Hey guys! this is just a one-shot I wanted to try out. It's not the best, but i think it's definitely unique because people always want to read about Natsume's feelings for Mikan form his point of view. I twisted that up in this. Now it's Mikan showing how deep her feelings really are for Natsume. Enjoy!(:

Diclaimer: I do not own Gakuen Alice.


"Are you ready?"

I looked over my shoulder to where Hotaru was calling over to me. Her black dress cascaded in the wind as the sunlight pounded on its color. She had her matching-black hat in her hands.

"They're waiting for us in the car."

I turned away from her, back to my original view. "Yeah, hold on."

My gaze lingered down upon the ground in front of me, where a silver, concrete plate laid ever so serenely in the midst of the bright, turtle grass. There were many flowers surrounding the plate, all mostly having the darkish- red hue of a burning fire. They perimetered all the sides, seeming as if the weak petals would protect this name from whatever may come to harm it. Easily, I recognized Ruka-pyon's. Then Hotaru's, Sumire's, and Tsubasa-senpai's. They gave the brightest flowers of all.

But in my hand was not a pretty plant to offer. It was an envelope.

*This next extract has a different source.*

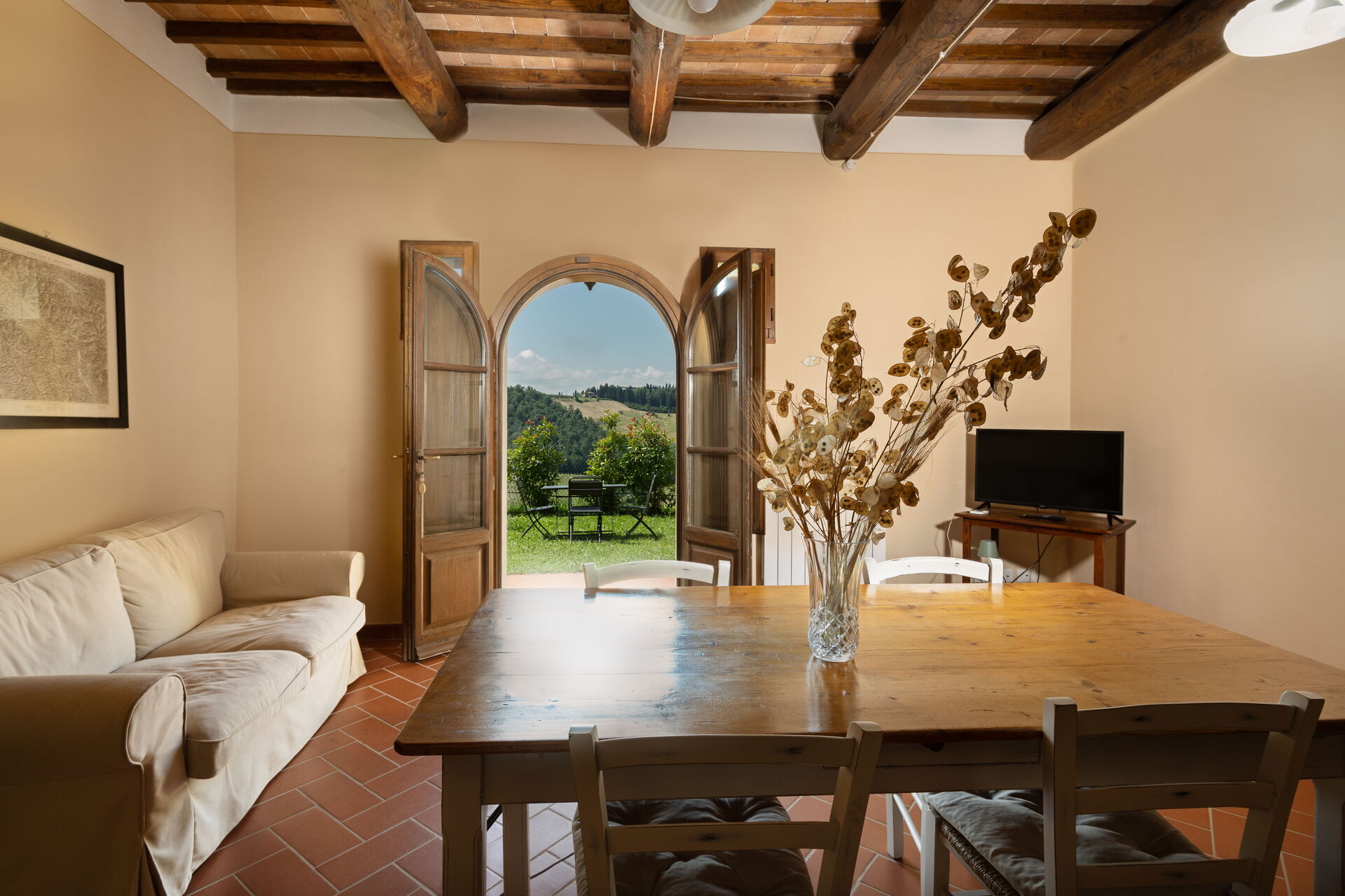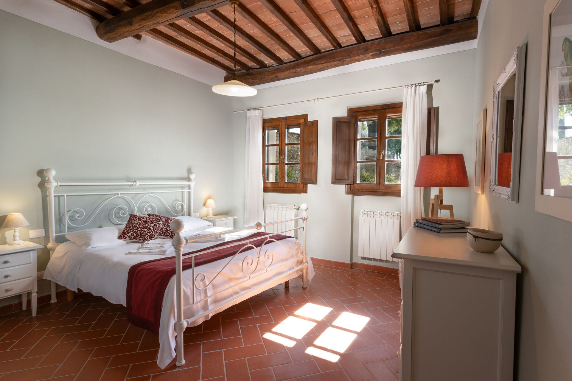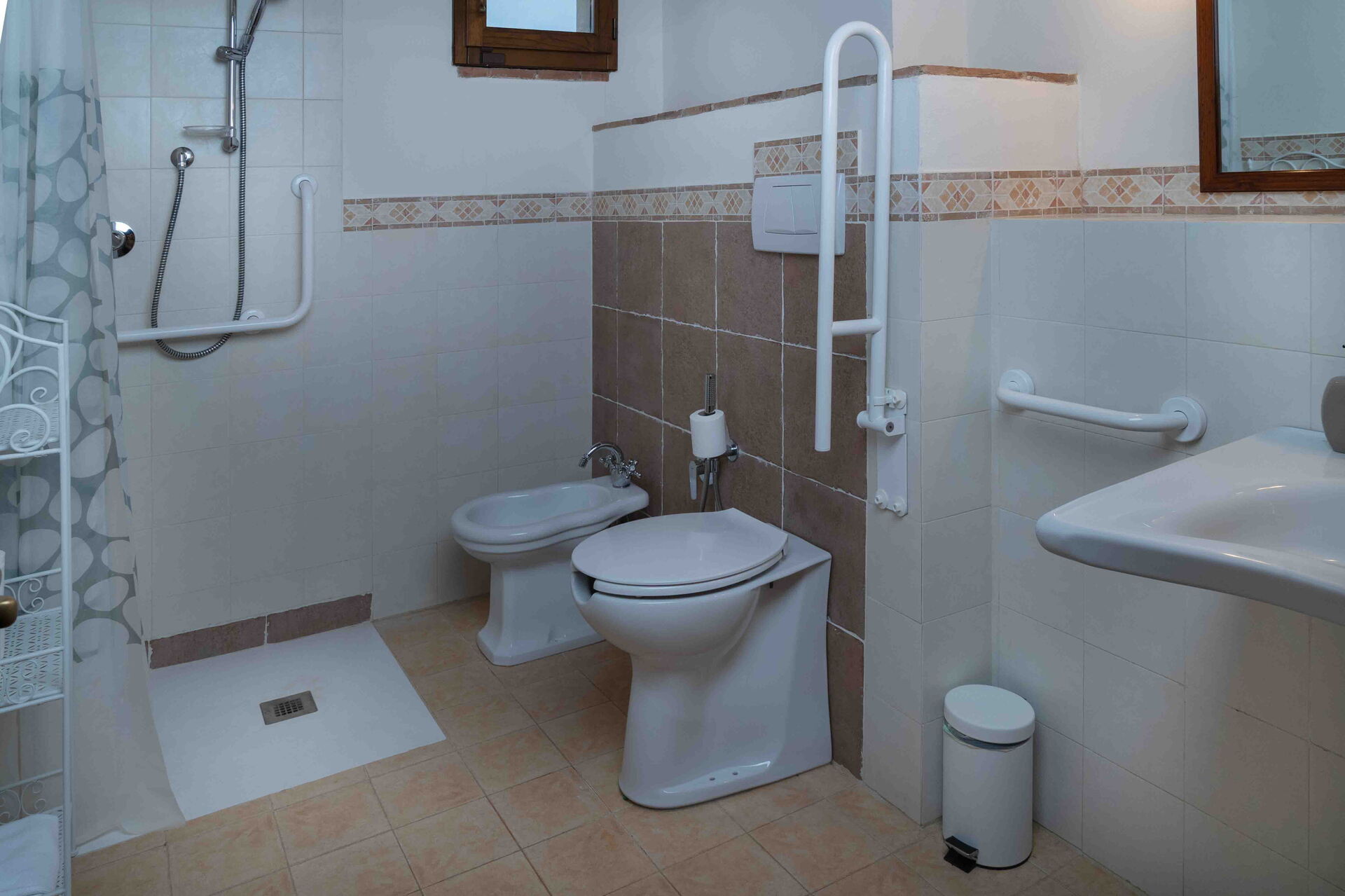 Egen ingång och trädgård, vardagsrum med matplats och kök (diskmaskin, ugn, frys, mikrovågsugn, kaffebryggare, brödrost, vattenkokare); 2 dubbelrum; 2 badrum med dusch

"Two years," I whispered, gently dropping on my knees before the plate. "Two years, Natsume."

The name was carved into the silver, creating shadows that boldly read Natsume Hyuuga. There was no parting message to add, nor was there a born-died date. There shouldn't be any of that, since nobody I knew of called Natsume had died.

"Here. I wanted to be unique," I said, smiling as I put the cream-colored envelope just under his name, where it would be hard to miss. "It might be too much though."

A shadow fell upon the plate the next second, grazing my shoulder as it did so. I sighed and closed my eyes. "Hotaru."

"Do you want to put a rock on that or something? It's windy out today."

I took one last glance at the perfect, silver square that stood out despite being buried under the swaying grass. The flowers were all beginning to be whisked away by the wind slowly, and I noticed my letter was as well starting to ride.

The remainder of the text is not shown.